Exxon’s Guyana arm recently announced that daily production in the Stabroek block has reached 900,000 barrels of oil per day, following the ramp‑up of the Yellowtail project to full capacity. [22]

A few key numbers from recent Guyana releases:

  • Four FPSOs (Liza Phase 1, Liza Phase 2, Payara, Yellowtail) now support production. [23]
  • By 2030, production capacity from eight developments is expected to reach about 1.7 million barrels per day. [24]
  • The Hammerhead project, the seventh Stabroek development, has reached final investment decision, targeting ~150,000 barrels per day starting around 2029, and lifting installed capacity on the block to about 1.5 million barrels per day before later projects. [25]

This is one of the most productive offshore developments in the world, and it shows up clearly in Exxon’s upstream volumes and its commentary about “advantaged barrels.”

Permian plus midstream

In the U.S. Permian Basin, Exxon’s production is hovering near 1.7 million oil‑equivalent barrels per day, a new record cited in its Q3 release. [26]

Adding the Bahia NGL stake and Cowboy Connector extension to Exxon’s existing Permian position further ties volumes to infrastructure it partially owns, which tends to support margins and reduce midstream bottleneck risk. [27]

Combine Guyana and the Permian, and you get the main reason analysts think XOM’s cash flows can stay strong even if crude prices drift lower over the next couple of years. [28]


Hydrogen, LNG and the Energy Transition: Mixed Messages

Not all of the recent energy‑transition headlines point in the same direction.

Hydrogen plant plan frozen

Reuters reported that Exxon has paused plans to build what would have been one of the world’s largest blue‑hydrogen plants at its Baytown, Texas complex. CEO Darren Woods cited weak customer demand and the difficulty of signing long‑term off‑take contracts at prices that justify the additional cost of capturing and storing CO₂. [29]

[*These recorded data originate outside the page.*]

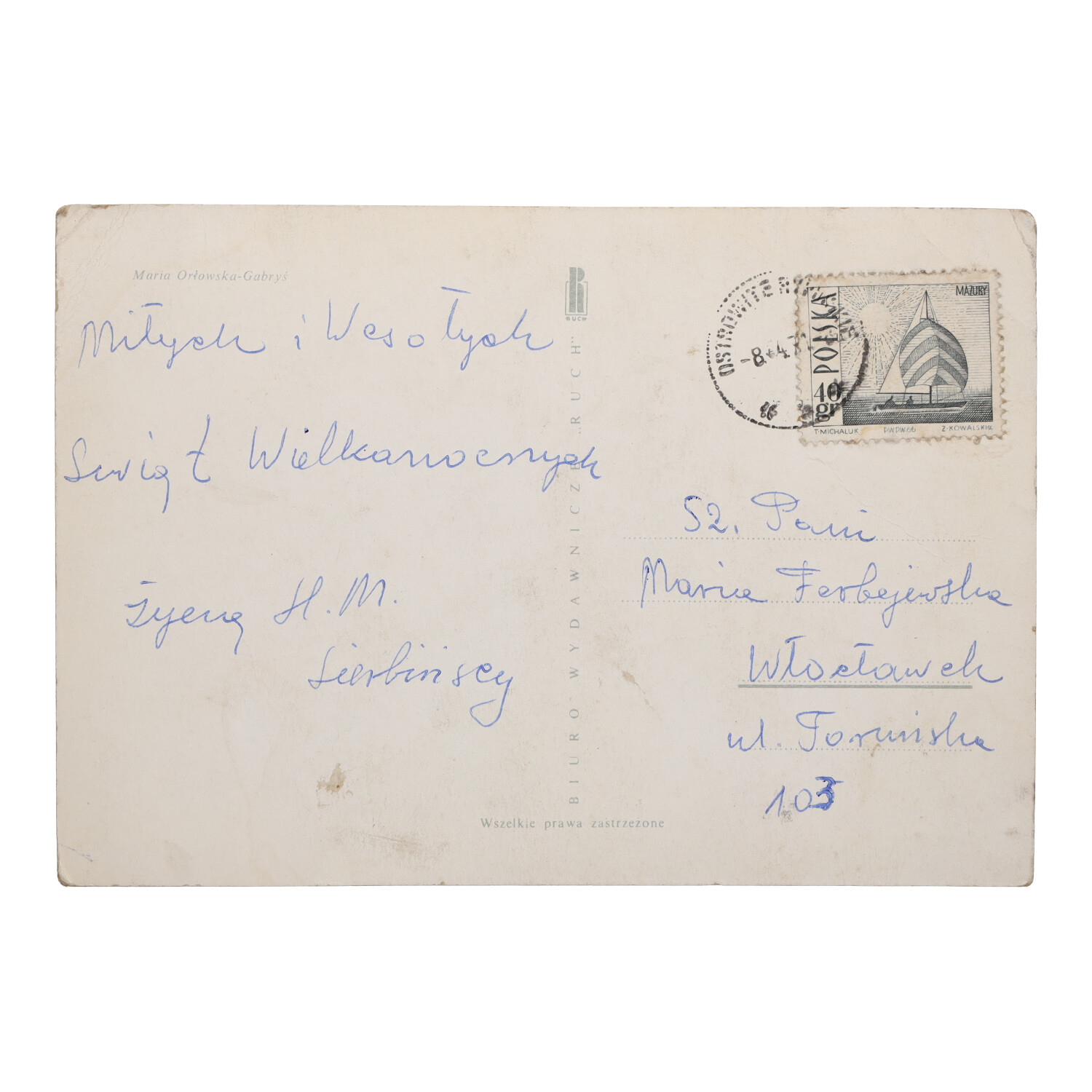 Unikatowa pocztówka świąteczna z okresu PRL - dzieło Marii Orłowskiej-Gawryś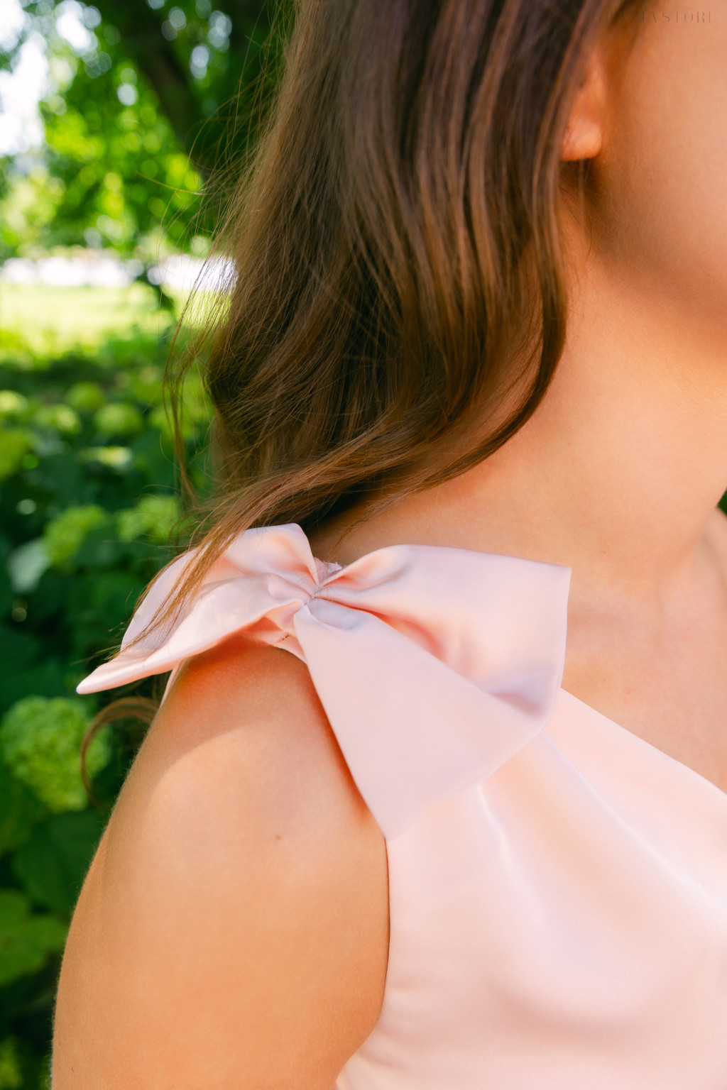 Féloldalas felsőrésze egyedi és modern vonalat ad a megjelenésnek, miközben finom masnis díszítése bájos, nőies kiegészítőként emeli ki a vállat. A szoknya átlapolt szabása lágyan követi a mozgást, áramló sziluettet kölcsönözve, amely minden lépésnél romantikus könnyedséget sugároz.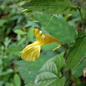 キツリフネ ツリフネソウの仲間が咲き始めました☺️初花です😆 でもよーく見ると黄色い蝶々にも見えます😁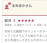 カラーが得意とのことで、初めてこちらを予約しました。翌日、髪を洗ってからも髪の指通りがよく、大満足です。色落ちがどのようになるかわかりませんが、白髪が出てきたらリタッチをまたお願いしたいです。ありがとうございました。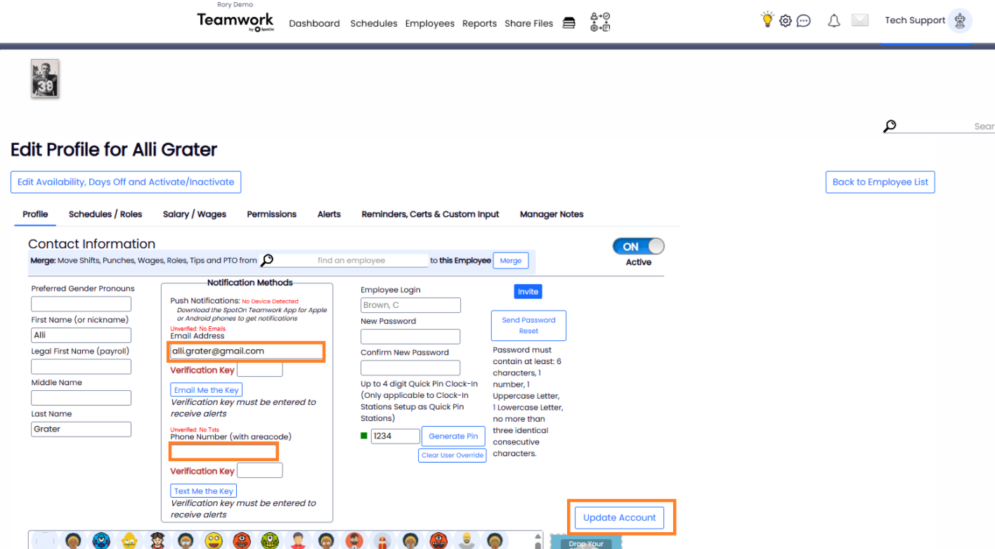 Select the Profile Tab > Here, you’ll see all contact information related to that employee.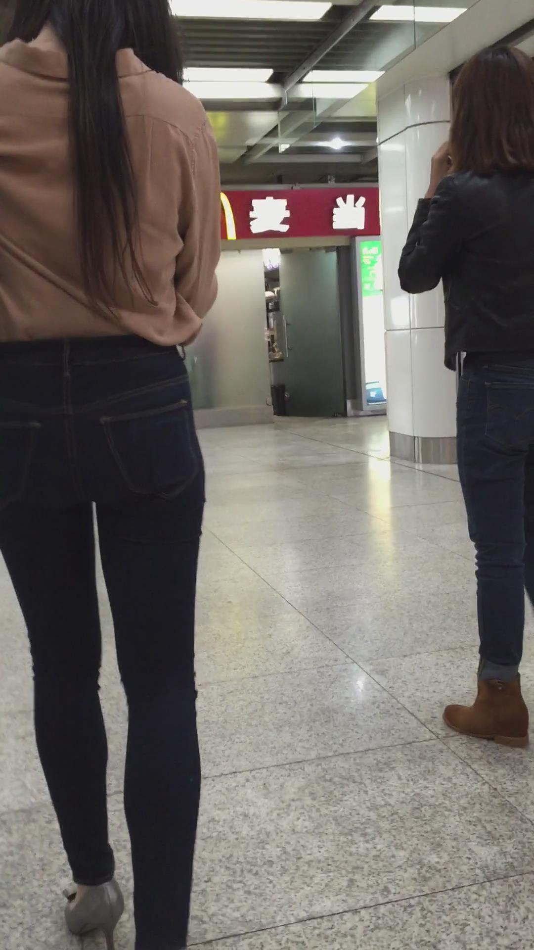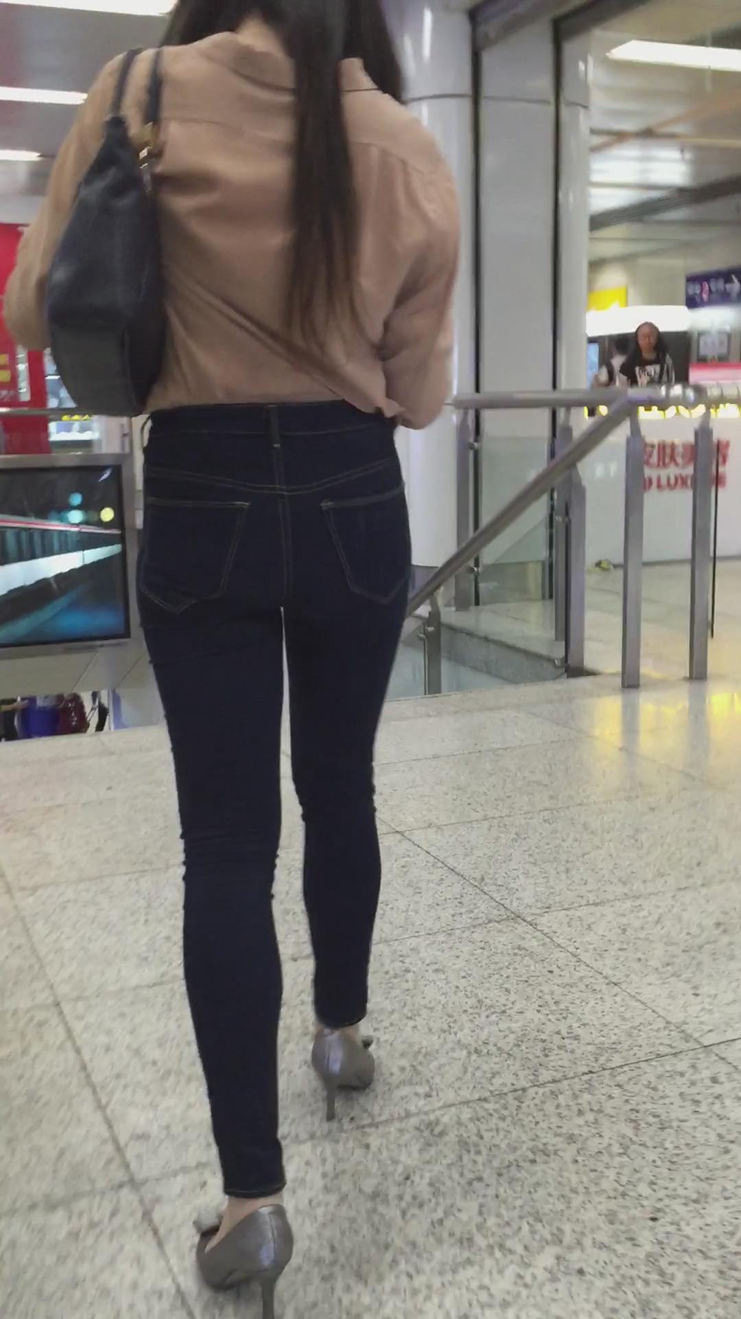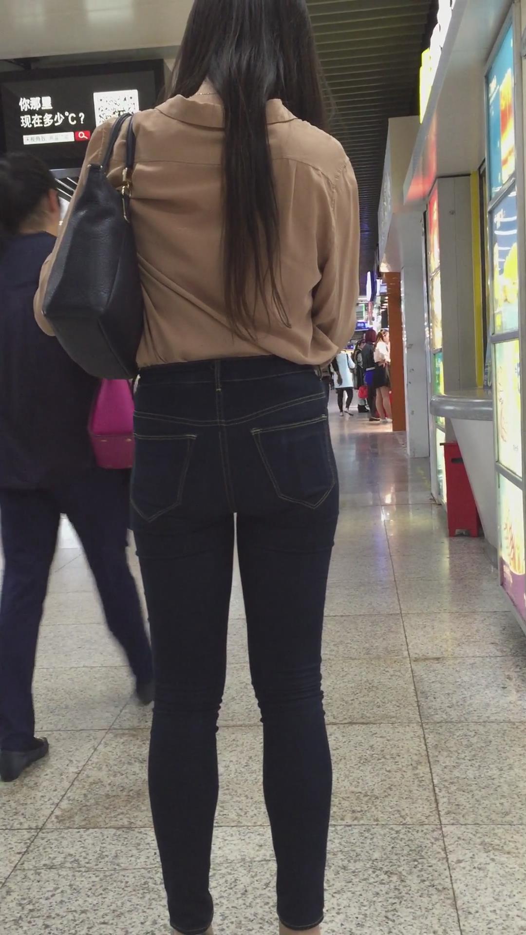 跟拍刚下地铁的紧身牛仔裤美女 编号5388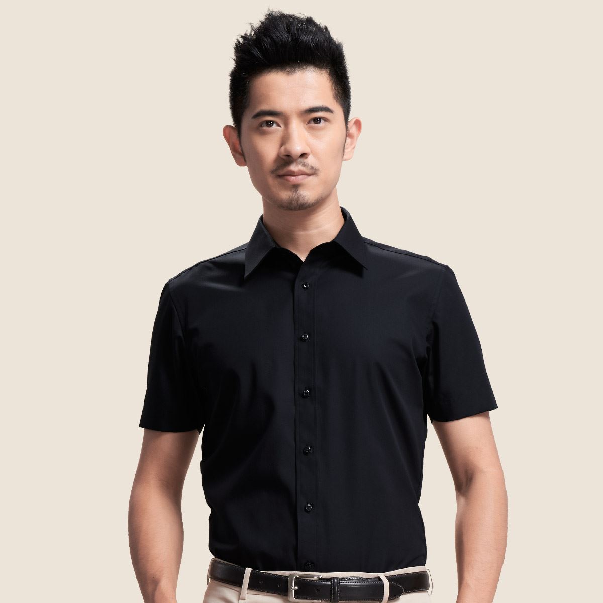 夏季新品深海絲光棉男士短袖襯衫商務正裝黑白色職業襯衣純棉男裝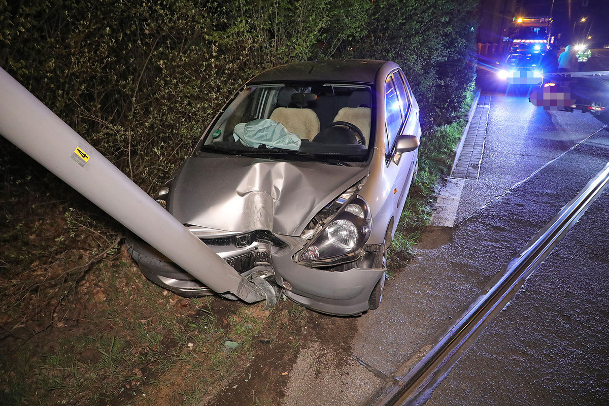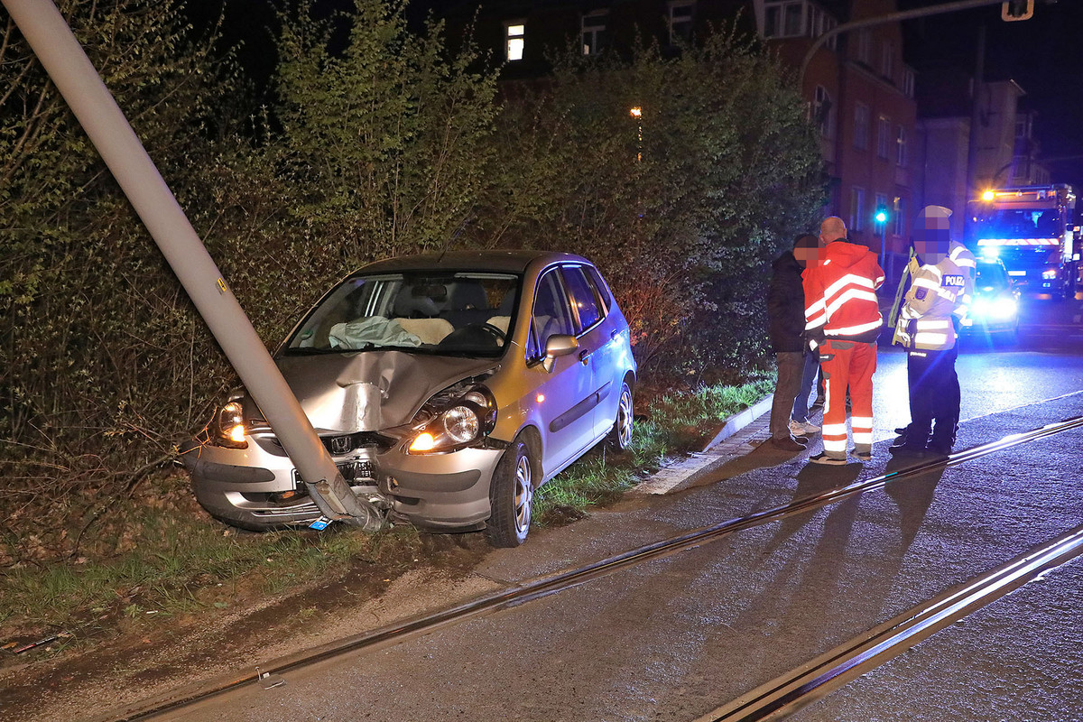 Unfall in Klotzsche: Auto kracht gegen Lampenmast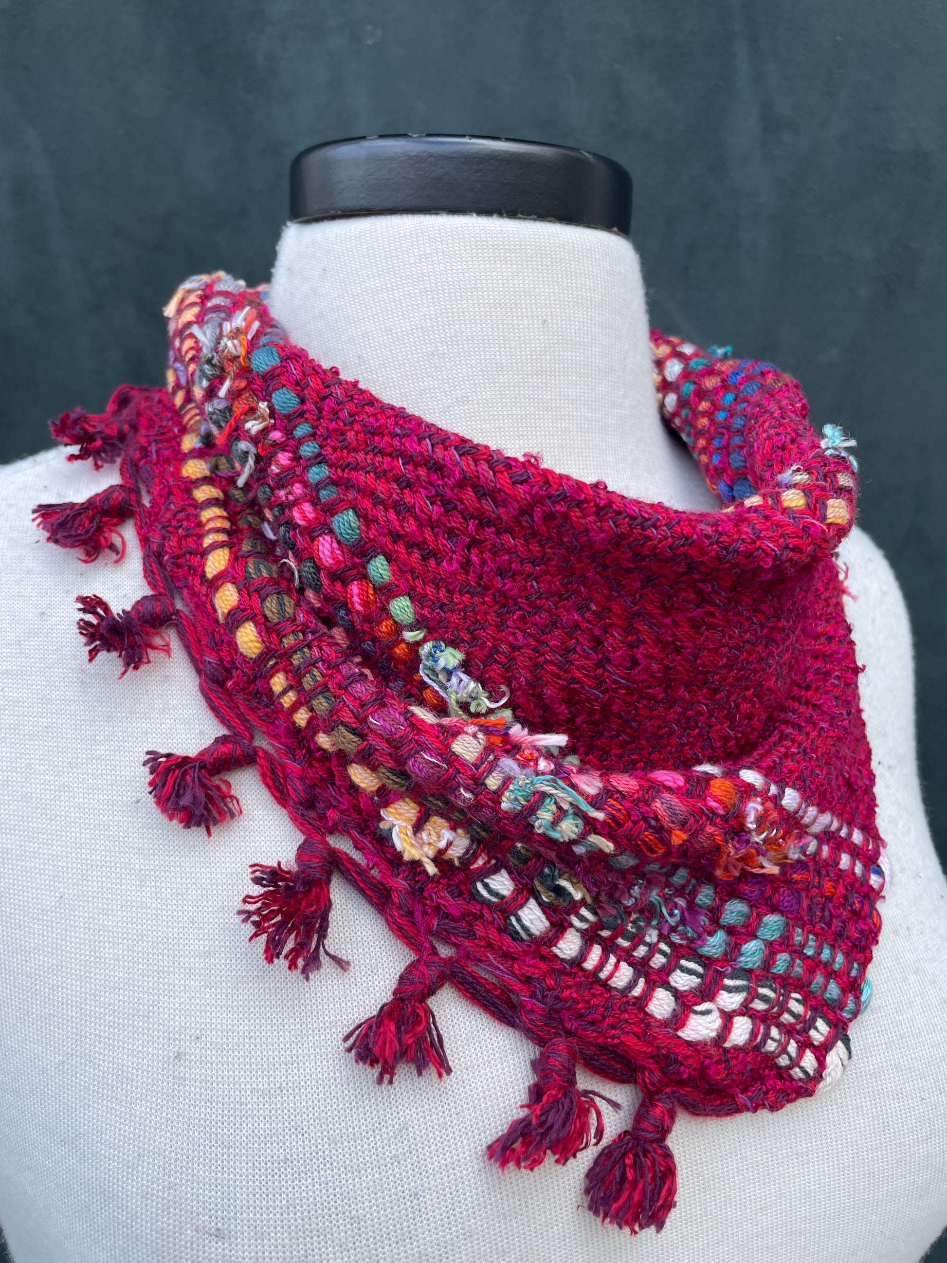 My neckerchiefs are made of a square cut on the diagonal, so there are always two that are very alike. I like to think of them as fraternal twins. Some people like to get both & share one with a loved one.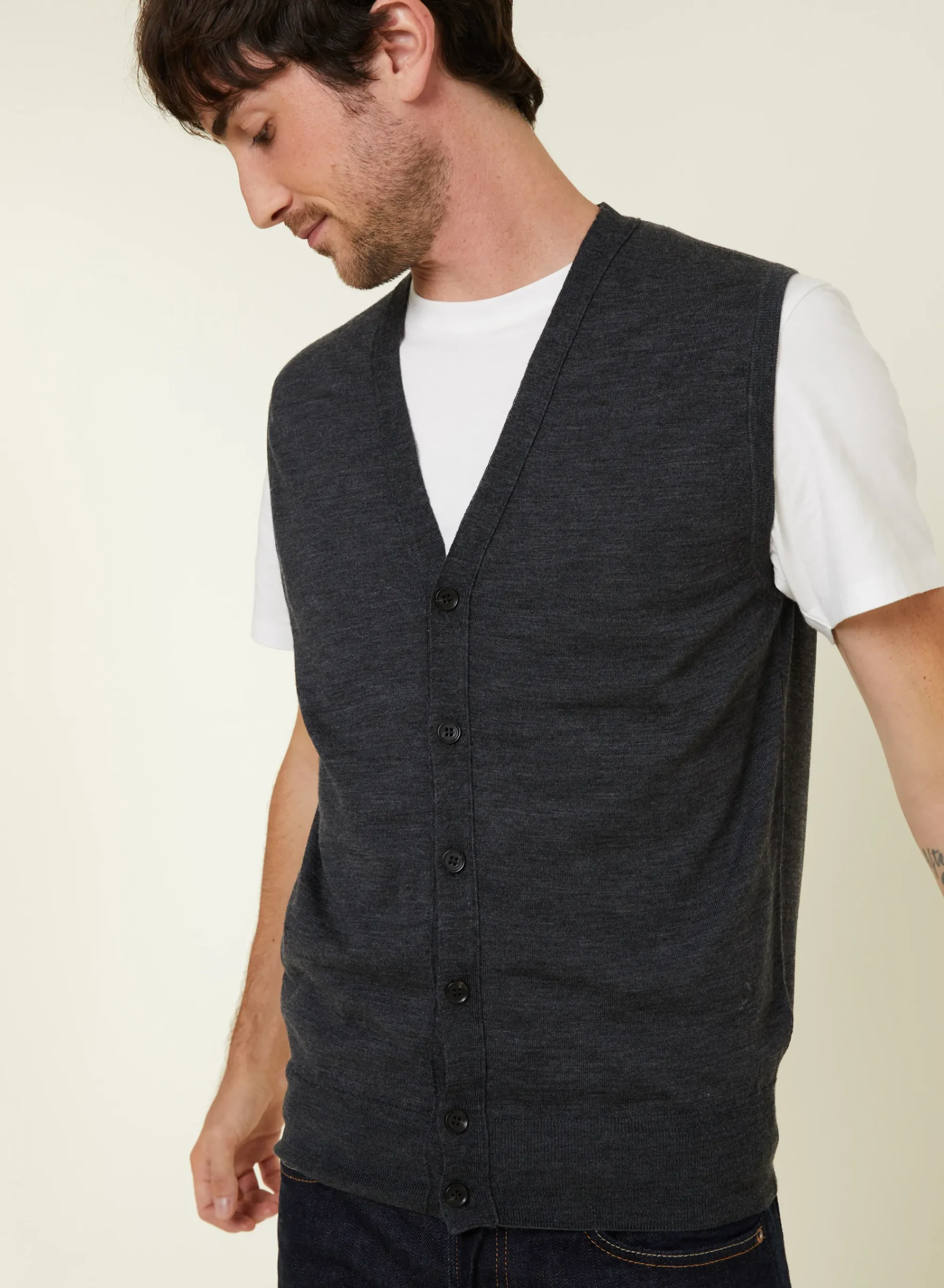 Ce Gilet Sans Manches A Encolure V Tricote En Point Jersey En Laine Merinos Dans Nos Ateliers Reste Une Piece Intemporelle De La Collection Maison Montagut. Notre Modele Se Boutonne Sur Toute Sa Longueur. Ernardo Saura Vous Accompagner Avec Style En Toutes Circonstances. En Bas De Modele Se Presente Le Logo Tricote En Ton Sur Ton. Nous Vous Conseillons De Choisir Votre Taille Habituelle.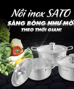 - Bộ nồi inox 3 đáy chất liệu inox 201 bền tốt, luôn sáng bóng, an toàn sức khỏe người dùng.

The company and its partners have reportedly invested about $500 million into the project so far and may resume when market demand improves. [30]

Mozambique LNG gets back on track

By contrast, Exxon’s Rovuma LNG project in Mozambique has just taken a step forward:

  • Exxon has lifted force majeure on the project, which had been suspended since 2021 due to security concerns. [31]
  • The company still expects a final investment decision in 2026, with first LNG targeted around 2030, assuming the security situation remains manageable. [32]

Taken together, these moves suggest Exxon is:

  • Cautious on capital‑intensive “new” low‑carbon projects that lack clear long‑term customers.
  • Still ready to commit billions to LNG and oil projects where it believes demand and economics are more predictable.

That balance is part of why some investors see Exxon as an energy‑transition “hedged bet” rather than a pure fossil‑fuel holdout or a green‑energy pivot.


Analyst Views and Valuation: Undervalued or Just Fairly Priced?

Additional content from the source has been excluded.